Hennadiy Moskal: Si on attrape la grippe, cela ne sert à rien de soigner séparément la main droite, ou la main gauche ou les jambes… Il faut s’attaquer au virus qui contamine tout l’organisme. L’Ukraine a le virus de la corruption: il faut guérir tout le pays! 

Selon lui, la nouvelle police de Moustafa Naiiem ne servira à rien, car il n’y a eu aucune réforme du ministère de l’intérieur en amont. Et pour ce qui est de la contrebande, ce n’est pas forcément une attitude répressive qu’il faut adopter.

Hennadiy Moskal: La contrebande, c’est un phénomène qui peut s’effondrer comme un jeu de dominos, très simplement. Dans la région, il y a des milliers de gens qui sont au chômage, alors ils font de la contrebande. Et à l’autre bout de la chaîne, il y a la France, l’Allemagne, l’Espagne, l’Italie, l’Angleterre… Ce sont ces pays qui sont en demande de notre contrebande et qui créent le marché. La mafia, elle est chez vous, en Europe! 

Que ce soit l’Europe ou les mafias locales qui soient mise en cause, la Transcarpatie est bel et bien dépendante de la contrebande. Mais selon l’expert Pavlo Homonaj, ces trafics et l’argent facile qui en découlent sont en fait un piège pour l’économie.

Pavlo Homonaj: Il y a quelques usines ici. Mais leur problème principal, c’est qu’elles manquent d’ouvriers! Parce que les gens sont impliqués dans la contrebande. C’est un véritable parasite. Une économie basée sur ce parasite de la contrebande, ce n’est pas une vraie économie!
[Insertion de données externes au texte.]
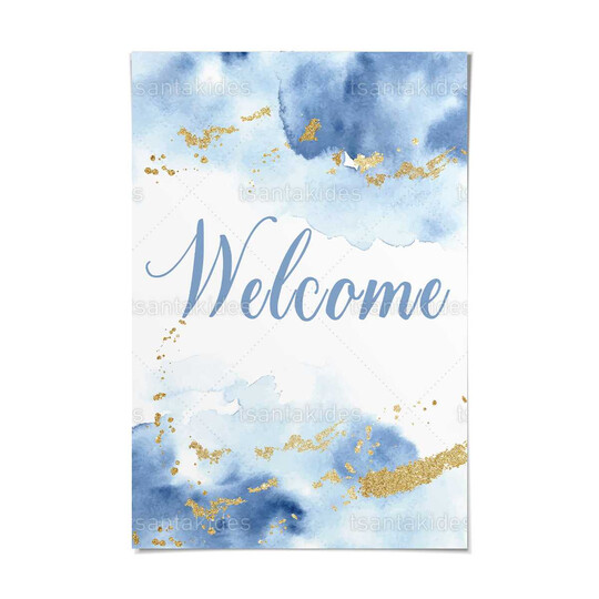 Καρτολίνο γάμου εκτυπωμένο με μπλε και χρυσαφί λεπτομέρειες
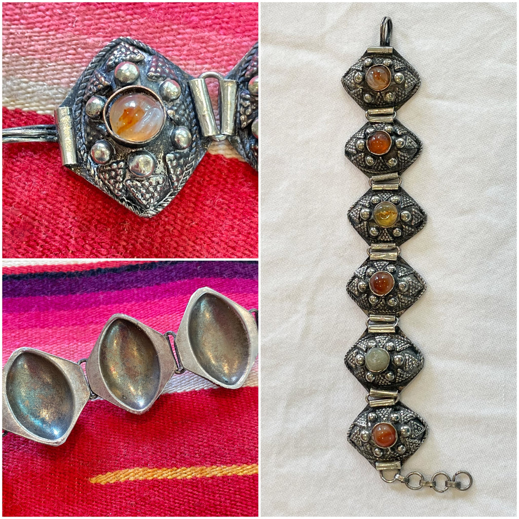 Vintage Agate Ethnic Bohemian Bracelet 7-7 3/4"L

Les gens ne veulent pas faire de réels investissements productifs. Ils veulent légaliser leurs revenus de la propagande, en ouvrant des cafés, ou en établissant des petits commerces sans ambitions.

Aux portes de l’Europe, la Transcarpatie est véritablement un avant-poste d’une contrebande qui touche tout le système, où tout le monde est complice. L’élan réformateur issu de la révolution de la Dignité en 2013 se heurte donc ici à un obstacle très humain: pour Kiev, il faut avant tout convaincre les populations locales qu’elles ont un intérêt au changement.